A minha língua
Com o título acima,
da autoria de José Manuel Diogo, transcrevo do JN o texto que segue, que me
parece muito bonito:
“Gosto de te ver saír
da tua boca, sempre molhada e quente, como se fosses um chuveiro tropical ou
uma corrente. Insisto em te encontrar, sejas riso ou lamento, gritos ou
calmaria, ou apenas tempo.
Quero conhecer-te a
pontuação. A pausa fusa, semifusa, onde aparafuso as emoções, onde desfio
contratos e desafio canções.

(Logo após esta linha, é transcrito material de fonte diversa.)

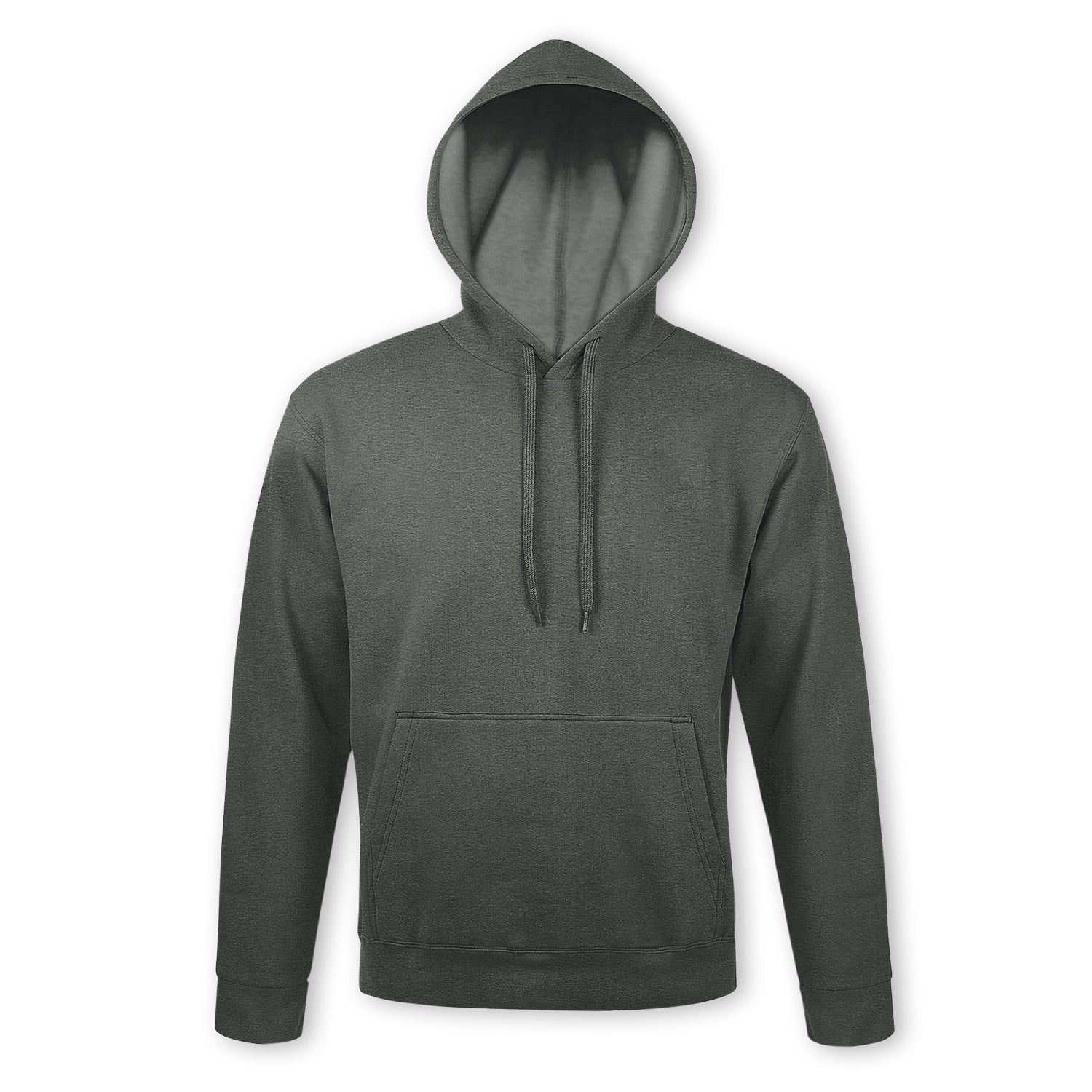 Versatile 280gsm fleece-lined adult sweatshirt which is manufactured from a 50/50 blend of ring-spun cotton and polyester with ribbed elastane on the hem and cuffs. It has set in sleeves, a large kangaroo pocket on the front and a tone-on-tone drawstring in the hood. The brushed fleece lining gives the garment a soft and cosy feel while adding extra warmth. It is a European fit and is available in eight sizes. The sweatshirt provides an excellent branding opportunity that will appeal to a broad market.

Quero que me contes os tratados com que fizeste
felizes os namorados e aqueles acordos belicosos onde os políticos se
demonstraram mentirosos.Quero que me faças companhia nas noites de luar e nos
dias de sol, faça chuva ou tempestade, sejas ré ou sol.
Quero mastigar-te as
consoantes e abrir-te as vogais com os dentes. Que sejas arte clara e quarto
escuro ao mesmo tempo.Que me chames verde, que eu não duro. Que me guardes no
ramo até caír maduro, segurando na raiva seiva e no fruto, o futuro. Quero
despir-te as sílabas, uma a uma, som a som, como os noturnos se demoram no
piano.Quero sentir-te no ar, a respirar, a sussurrar. A soletrar. Sem saberes
ler nem escrever.Que-ro per-ce-ber-te. Len-ta-men-te. Ao ritmo do volante que
se agita no poema sem metade onde a vida tortura a liberdade.
Quero ser teu e tu
seres minha. Na mesa do chef e na cantina. Em esquadras clandestinas de polícia
onde os amantes se encontram sem ninguém saber, fingindo-se meliantes sem valor
ou apenas sujeitos sem os predicados necessários ao amor. Quero-te língua, na
minha palavra. Só músculo e nervo. A cravar ideias no calendário como padrões
na terceira, na quinta e na sétima letras do abecedário. Quero-te lá. Clara
como Cabral. A fingir que há horizonte se não falas. A enganar pontos de fuga e
cardeais. A inventar brasis e carnavais.
Quero-te estrela
cadente, ave bucólica, pérfida serpente. Quero-te levar ao cimo de um monte
patra que me digas que tudo será meu se te adorar: o paraíso, o improviso, o
céu e o mar. Quero dedicar-te um teorema como se fosse um soneto, definir-te o
algoritmo antes alfabeto. Quero que sejas grande e ao mesmo tempo pequena. Que
sejas universal e nunca voltes para casa.Não quero que me encontres com outra
namorada. Gosto de te ver entrar na minha boca, sempre molhada e quente, como
se eu fosse o poema e tu a sua semente”.